◆ **Your assignment**
Leave the pictures out and quote only the lines from the one with "Ensemble de survêtement" down to the end of the listing below.

◆ **Given information**
= = = =

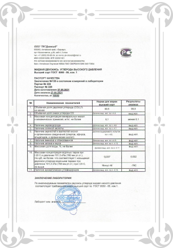 ПАСПОРТ КАЧЕСТВА: ДВУОКИСЬ УГЛЕРОДА ЖИДКАЯ НИЗКОТЕМПЕРАТУРНАЯ
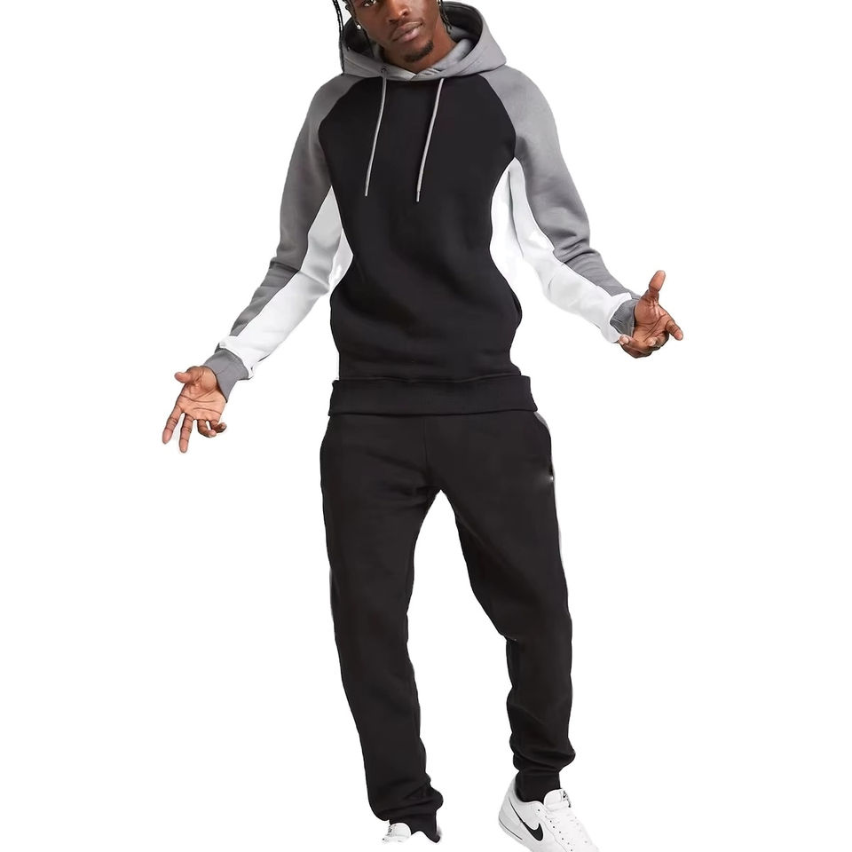 Ensemble de survêtement homme 100% coton, coupe évasée, respirant, couleurs unies, avec logo personnalisé et impression sérigraphique, pantalon de survêtement à effet superposé
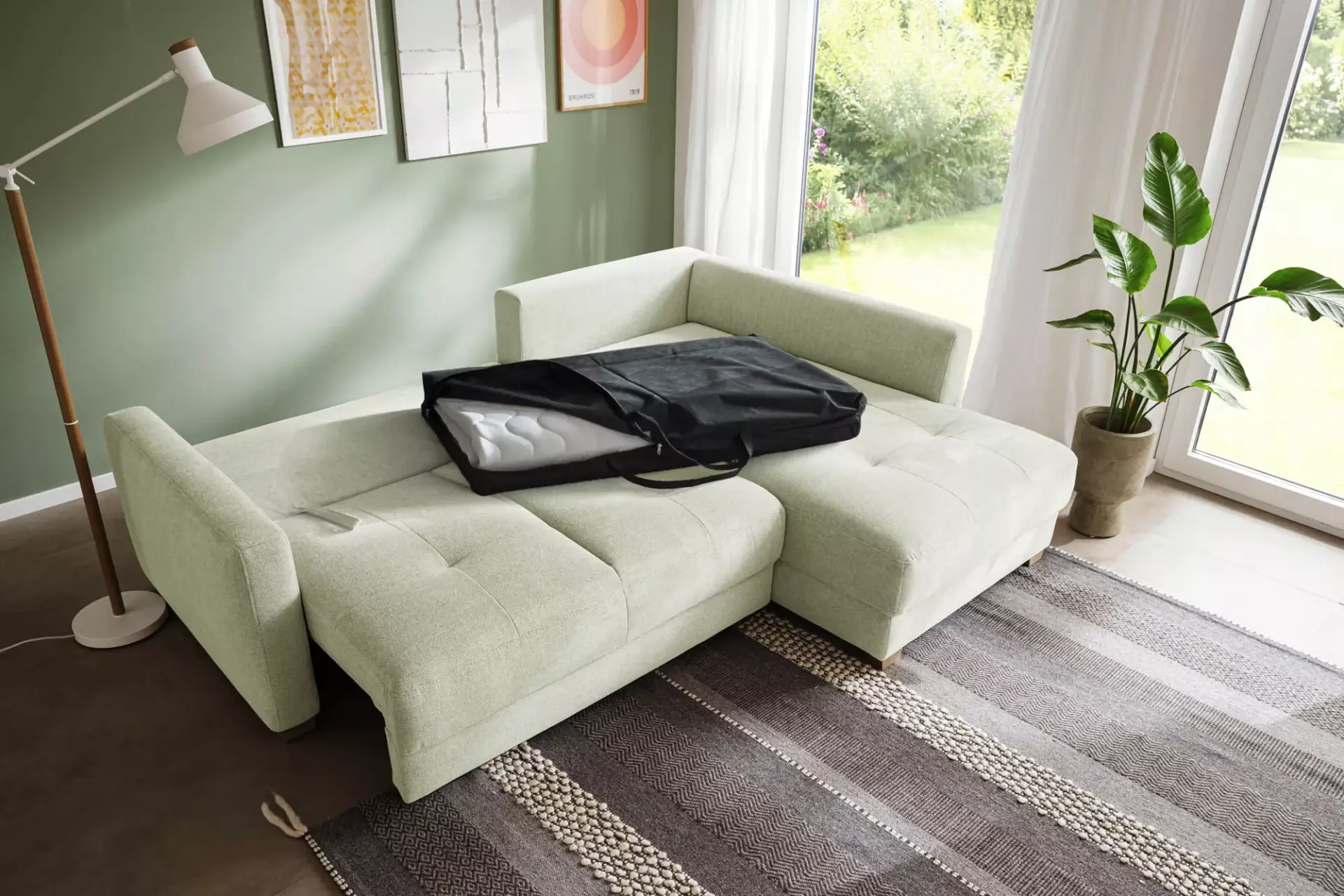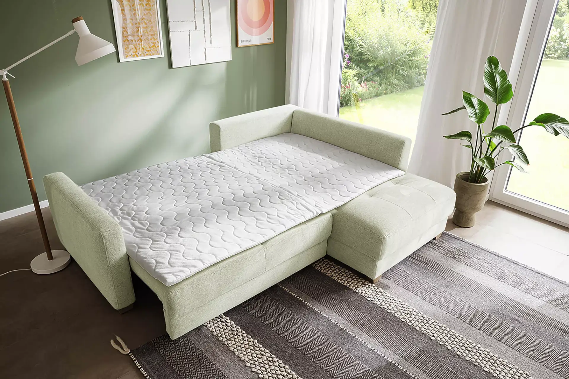 inkl. Bettkasten weiß beschichtet mit Belüftung, inkl. Hygiene-Topper mit Transporttasche, inkl. Aufziehhilfe für Umschlagrücken, einmalig seitenverkehrt montierbar,

= = = =

◆ **Solved exercise**
 Ensemble de survêtement homme 100% coton, coupe évasée, respirant, couleurs unies, avec logo personnalisé et impression sérigraphique, pantalon de survêtement à effet superposé
 inkl. Bettkasten weiß beschichtet mit Belüftung, inkl. Hygiene-Topper mit Transporttasche, inkl. Aufziehhilfe für Umschlagrücken, einmalig seitenverkehrt montierbar,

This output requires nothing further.